Actionable Insights for Your Rewatch

If you’re planning to dive back into Vikings tv season 3, keep an eye on these specific details. They change how you see the ending:

  1. Watch Ragnar’s Eyes: Travis Fimmel stops looking at people and starts looking through them after Athelstan dies. The "insanity" isn't an act; it's a character choice.
  2. The Cross vs. The Hammer: Notice how many times characters swap religious symbols. Ragnar wears Athelstan's cross, while Rollo accepts baptism but stays pagan at heart (at first).
  3. Lagertha’s Independence: This is the season where Lagertha realizes she doesn't need Ragnar. Her arc in Hedeby, dealing with the usurper Kalf, proves she’s the most competent leader in the show.
  4. Pay Attention to the Sound: The music by Trevor Morris and Einar Selvik (Wardruna) is at its peak here. The chanting during the Paris siege is actually based on old Norse poetic meters.

The season ends with Ragnar on a boat, whisper-confessing to a captured Floki: "I know you killed Athelstan." It’s a chilling "mic drop" moment. Everything that happens in the later seasons—the Great Heathen Army, the civil wars between the sons—is all rooted in the tragedies of this year. It wasn't just a season of TV; it was the beginning of the end for the Golden Age of Vikings.

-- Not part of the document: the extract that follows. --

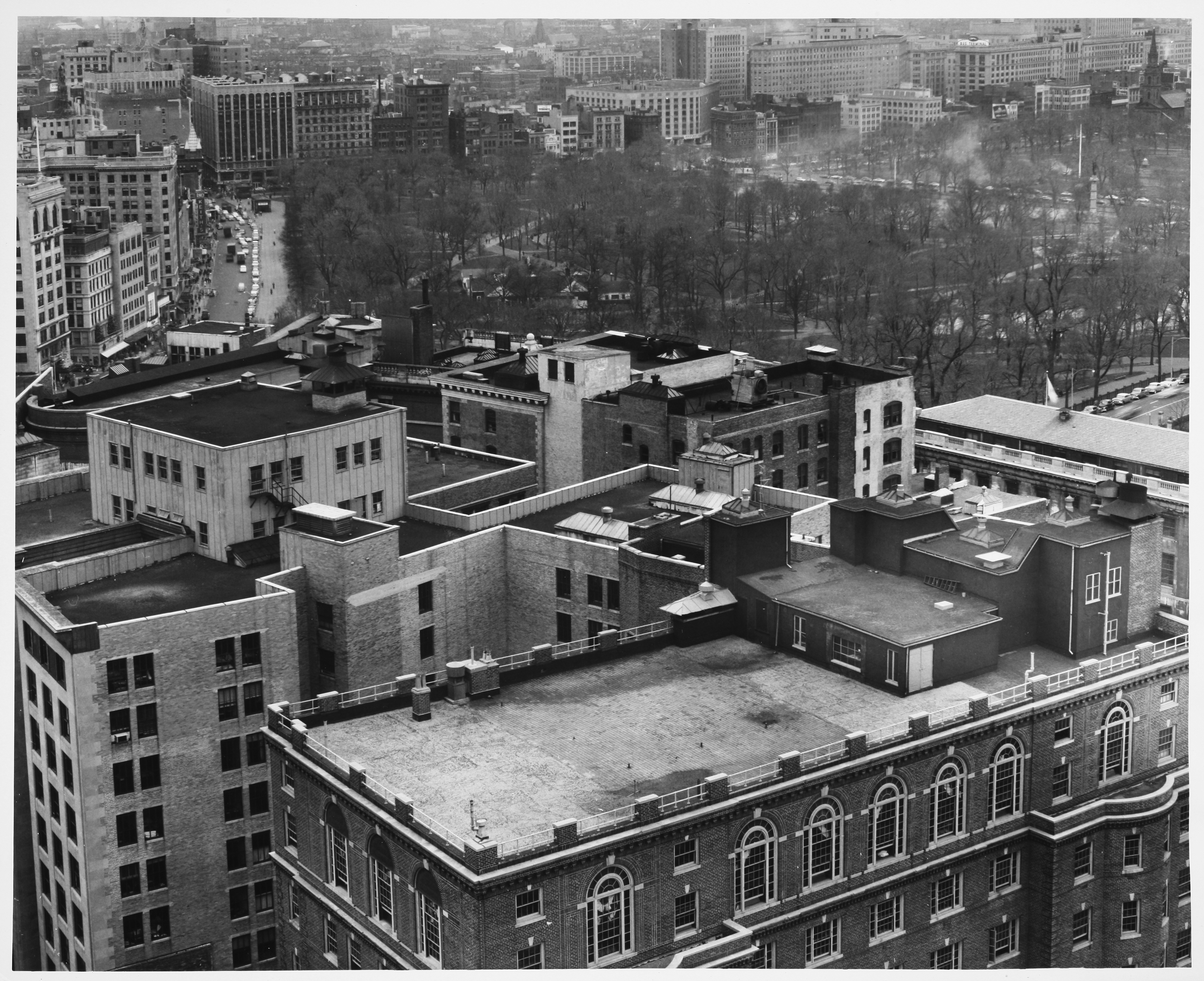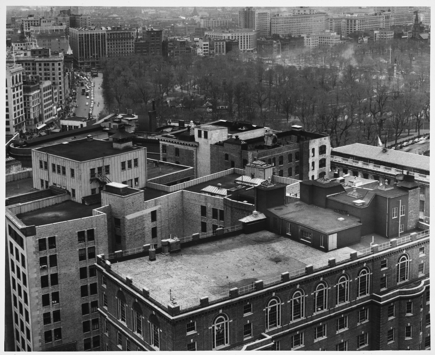 Boston Common, Aerial View Looking South from Fourteenth Floor of Suffolk County Courthouse, Rooftops, Tremont Street

To fully appreciate where the story goes next, you should track the specific political shifts in Wessex. The relationship between Ecbert and his grandson Alfred (Athelstan's secret son) becomes the central pillar of the series' finale. Understanding the betrayal in the Wessex settlement in season 3 is vital to understanding why the Vikings eventually return with such unprecedented fury.